За долгие годы сомик перевидал многих. Карасей всех мастей, гупёшек и улиток. С особой теплотой сомик вспоминал цихлиду, рыбку-попугая с милой гримасой куклы на лице и сильным характером. И тосковал все двести девяносто семь дней после её ухода. Да-да. Сомик считал каждый день, проведённый в одиночестве.
Он помнил, как долго не решался подойти познакомиться к новой рыбке. Её яркая внешность не располагала к бесцеремонности. Сомик издали восхищался манерами и статью красавицы. Считал себя ниже её и старался не попадаться на глаза днём. А ночью музицировал, в тоске, поскуливая в такт неслышному, единому для всех мотиву неразделённой любви. Но рыбка предложила сомику доказательства более надёжных чувств. Однажды, в аквариум подселили на время шуструю троицу комет. Они шалили, хулиганили. Нарушая установившийся порядок, захватывали обжитые не ими норки и даже играли улитками, хватая из за что придётся, перебрасывали друг другу. В конце концов, пережидая нашествие, те предпочли вскоре осесть в толще разноцветного грунта до лучших времён.
Исчезновение улиток заставило обратить внимание на иных соседей по аквариуму. Рыбка попугай была кометам не по зубам. Одного взгляда на сияющее литьё её боков было достаточно, чтобы понять, – с нею лучше не ссориться. Посему сомик, хотя и оставался рыбьего роду-племени, но был безобиден и время от времени нуждался в глотке воздуха, который хватал, взмыв со дна к поверхности воды. В этом то и было его слабое место, которым кометы не преминули воспользоваться.

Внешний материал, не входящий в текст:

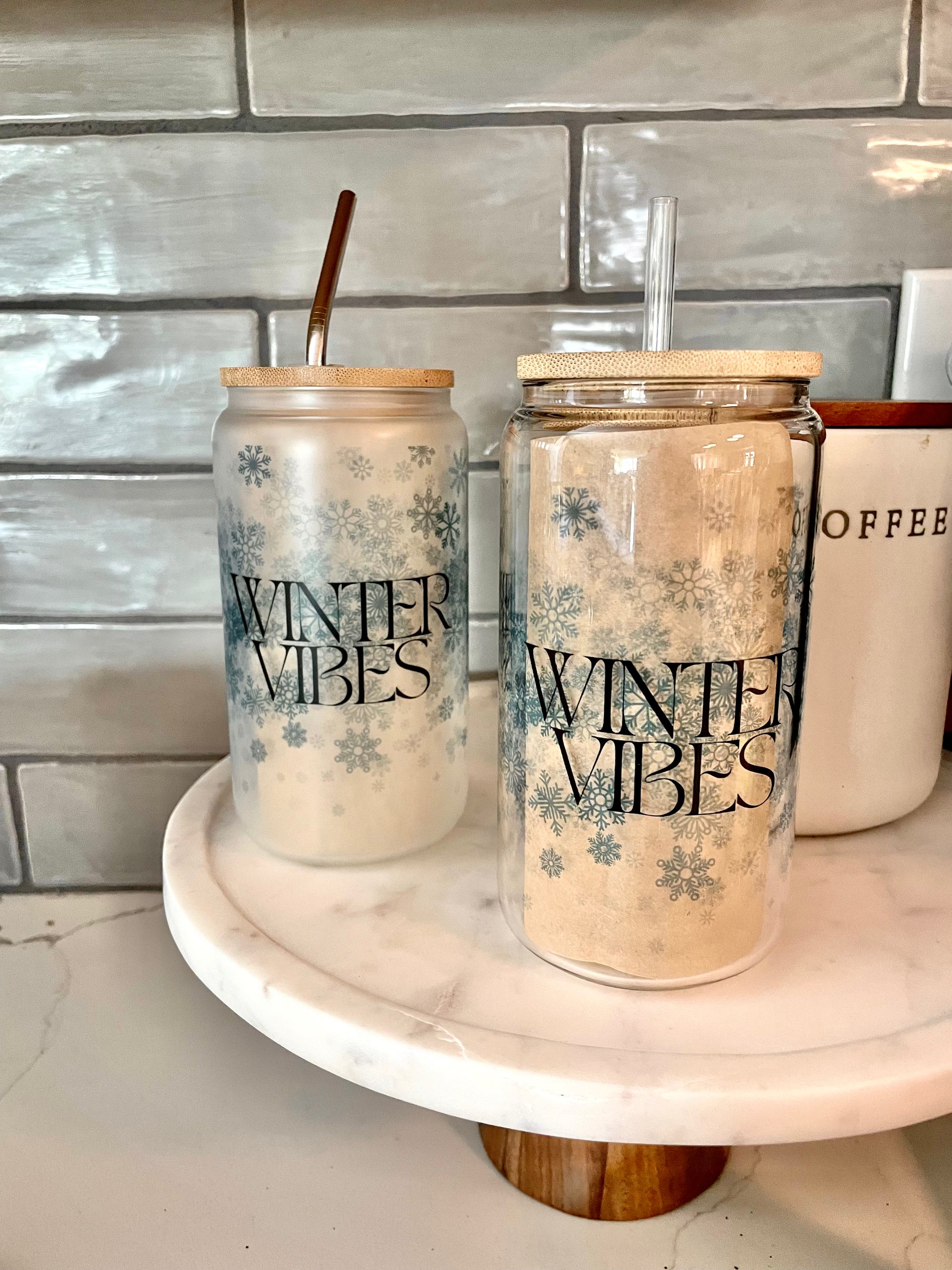 Winter Wonderland Collection 16oz Glass Tumbler w/ Bamboo Lid & Straw
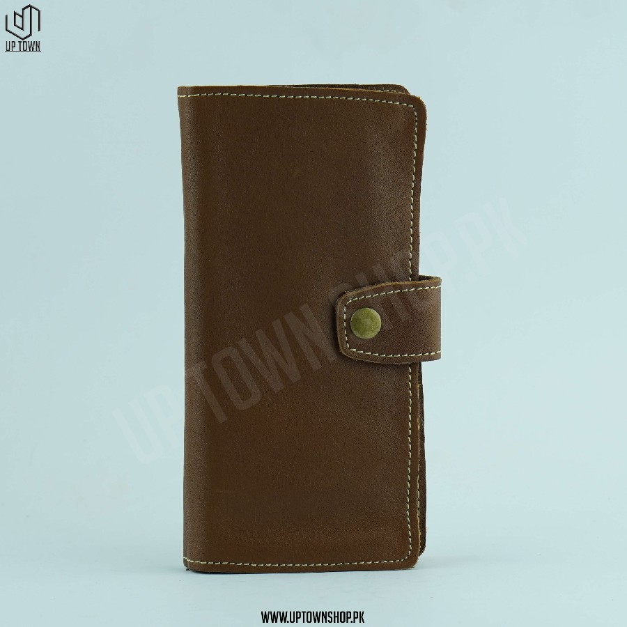 Real Leather Brown Long Wallet for Mobile with Lock LW2
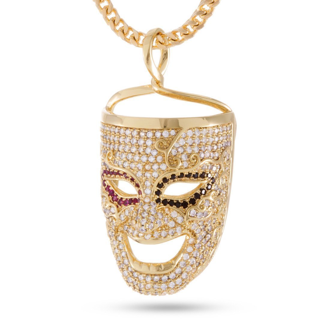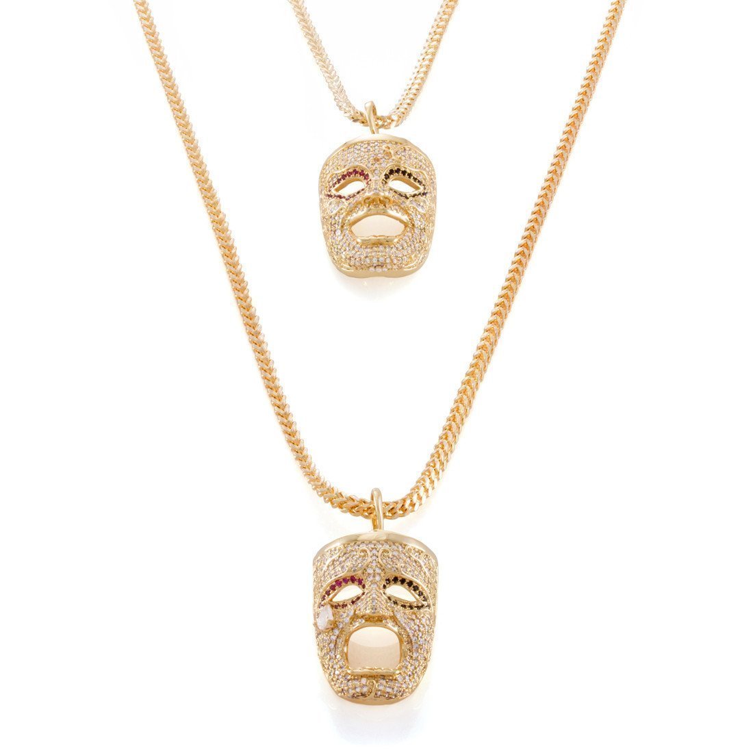 Taking its meaning from the Ancient Greek theater masks, the Laugh Now, Cry Later symbols continue as a popular idiom in pop-culture. Now, King Ice reimagines these iconic pieces into 14K Gold plated pieces. Each pendant uses AAA, handset stones to provide that classic look, while each set comes with 24” and 20” stainless steel Franco chain.
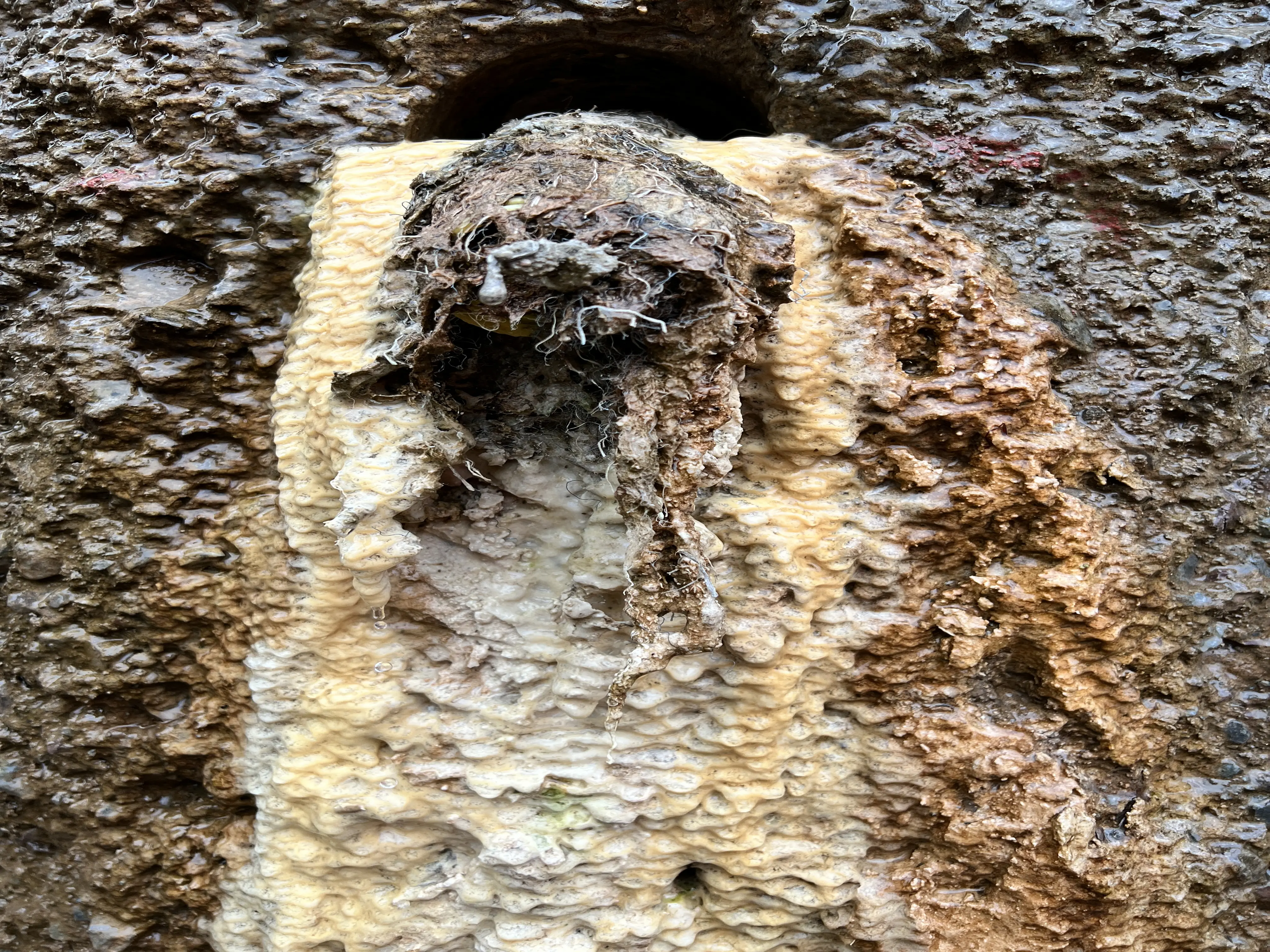 Am Widerlager gegenüber ist die Bohrpfahlwand bereits fertig. Hier ist der Hang nicht ganz so hoch, das Bauwerk darum kleiner. Nach dem regenreichen Oktober sieht man gut, welche Funktion die Entwässerungslöcher habe, die an der Südseite gerade gebohrt werden. Es tropft und tropft – an manchen Stellen hat sich Moos gebildet, an anderen bilden Kalkablagerungen erste bizarre Formen. „Das Wasser muss raus, damit der Druck auf die Wand nicht zu groß ist“, erklärt der Ingenieur. Ein paar Schritte weiter klammern sich Pflanzen zwischen schwarzem Gewebe an den Hang. Hier sind Podeste aus bewehrter Erde errichtet worden, um zum Beispiel Standflächen für Krane und Bohrgeräte im Steilen hang herzustellen. „Bewehrte Erde“ wird ein Verfahren genannt, bei dem mit Hilfe von stabilen Kunststoffmatten, so genannten Geogittern, Boden so aufeinander geschichtet wird, dass eine stabile Grundlage für spätere Arbeiten oder Bauwerke entsteht. Einige dieser modellierten Flächen verschwinden im Zuge der Bauarbeiten wieder, anderen bleiben bestehen – zum Beispiel, um später auch unter den beiden Teilbauwerken Bewegungsflächen zu haben, auf denen Prüfgeräte zum Einsatz kommen können.
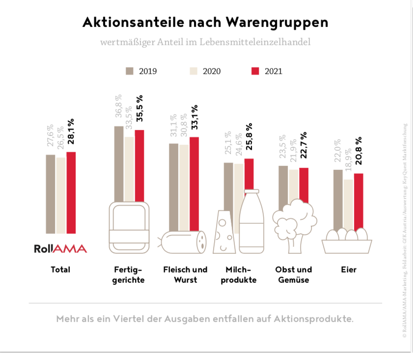 Die einen greifen gerne zu Aktionen, die anderen vermehrt zu Bio, viele zu beidem. Die Ausgaben für Bioprodukte stiegen 2021 um elf Prozent auf fast 800 Mio. EUR, was einem Anteil von elf Prozent am Gesamtmarkt entspricht. Die höchsten Bioanteile mit mehr als 30 % werden bei Milch gemessen, knapp ein Viertel der Ausgaben für Eier entfallen auf Bio sowie ein Fünftel der Gemüseausgaben. Von einem niedrigen Niveau aus kommt Fleisch 2021 auf nun sechs Prozent Bioanteil.
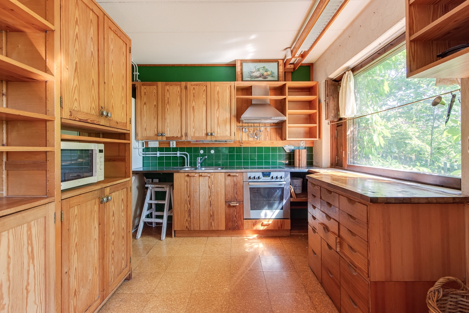 | Keittiön kuvaus | Liesi (Keraaminen liesi), seinät (laatta ja maali), lattiat (lauta ja korkki), jääkaappi ja liesituuletin / hormi, varattu paikka astianpesukoneelle, Keittiö vaatii uusimista Seinäpinnat: kivi, keittiön välitilassa kaakelia, maalattu seinä, Tiskikoneelle liitännät |
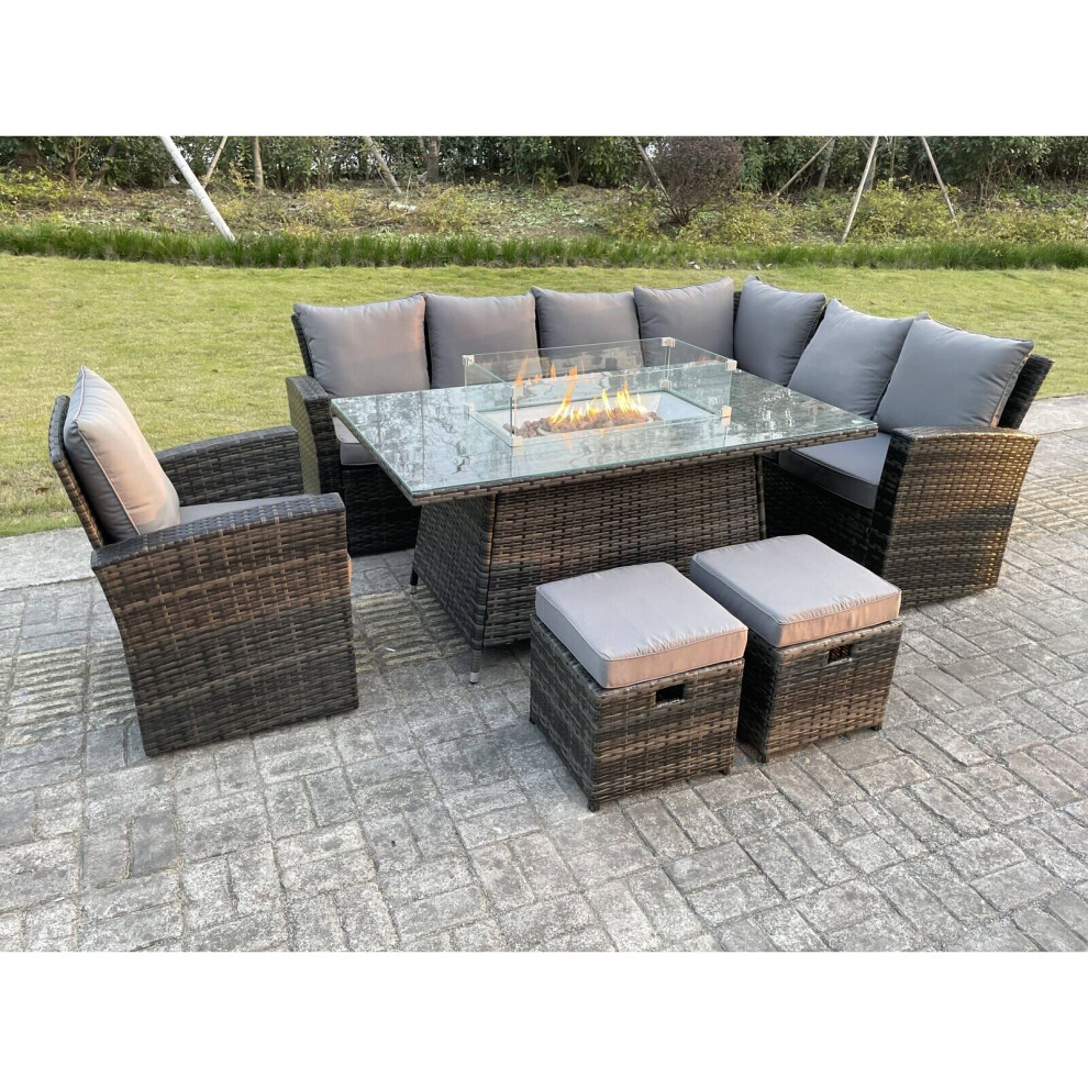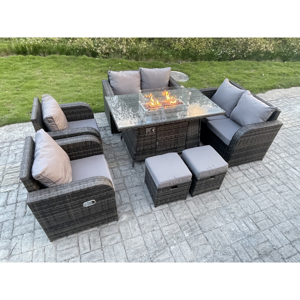 Fimous Outdoor Rattan Garden Furniture Gas Fire Pit Dining Table Sets Gas Big Footstool 7 Seater
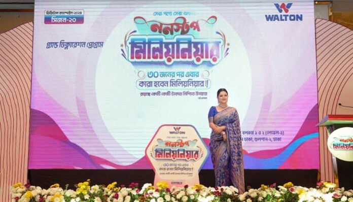 জানান, সারাদেশে ইতোমধ্যে ক্যাম্পেইনের ১৯টি সিজন বেশ সফলভাবে সম্পন্ন হয়েছে। প্রতিটি সিজনেই গ্রাহকদের কাছ থেকে পেয়েছি অভূতপূর্ব সাড়া। এরই প্রেক্ষিতে আসন্ন ঈদকে সামনে রেখে শুরু করা হয়েছে সিজন-২০। এর আওতায় ক্রেতাদের জন্য ‘ননস্টপ মিলিয়নিয়ার’ হওয়ার সুবিধা দিচ্ছে ওয়ালটন। পূর্বের মতো ক্যাম্পেইনের এই সিজনও শতভাগ সফল হবে বলে আমার দৃঢ় বিশ্বাস।
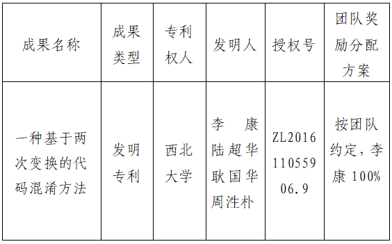 按照《天空(中国)促进科技成果转化实施办法》(西大科〔2019〕5号)相关规定,拟对天空(中国)计算机学院李康教授作为成果负责人的1项发明专利权实施转化,现将相关信息公示如下:

Хозяйка стряхнула кивком слёзы, но улыбнулась, припоминая, как это было. Когда кометы в очередной раз не дали возможности сомику сделать вдох, она подбежала было к аквариуму, чтобы навести порядок в стае, но рыбка-попугай опередила её. Лёгкими толчками отшвырнув всех троих к противоположной стене, загородила сомика и дала тому отдышаться. И до той поры, пока недобрых шалунов не переселили в пруд, оказывалась рядом каждый раз, как сому требовалось сделать вдох… А в довершении ко всему, кот, наблюдавший эту картину, оценил благородство дамы и стал часто усаживаться подле аквариума, «помолчать за жизнь» с рыбкой. Они сидели бок о бок, разделённые нетолстым стеклом, объединённые чувствами, схожими с человеческими, но непостижимыми ему.
Это было так странно, так необычно… По-человечески? А всегда ли мы умеем так?! Что мы знаем о жизни, что понимаем в дружбе и любви, если простые искренние порывы так удивляют нас…
Над серым лесом вОроны играли свои свадьбы. На коленях сидел кот. Он навязчиво вибрировал горлом, заглушая хозяйскую грусть. Весь его бок и ложбинка между ушей были, словно пыльный подорожник в росе. Хозяйка плакала.
А на подоконнике, в банке, наполненной мягкими кусочками древесины и дубовой коры, дожидался весны редкий жук, что намедни постучался в её дверь…
Его стройности могла бы позавидовать балерина. Аккуратная любознательная головка на грациозной шее ровно такой длины, чтобы не казалась слишком хрупкой или чрезмерной. Тонкая талия придавала изящества, а разлёт плеч не оставлял сомнений в силе. Образ довершали фантастические по пышности усы и подходящие к лёгкому шагу узкие ступни. Весь он, с головы до пят был приятен, привлекателен, пригож33, но, увы, – совершенно беспомощен. И, подобно соринке, лежал навзничь на пыльном полу подле печи. А та часто моргала, в изумлении, изредка сплёвывала на пол и даже, страшно сказать, в тайне от хозяев, втихаря… дымила:
– Натащат сюда непонятно чего, кинут под нос, а потом, – грей их, жарь им, парь!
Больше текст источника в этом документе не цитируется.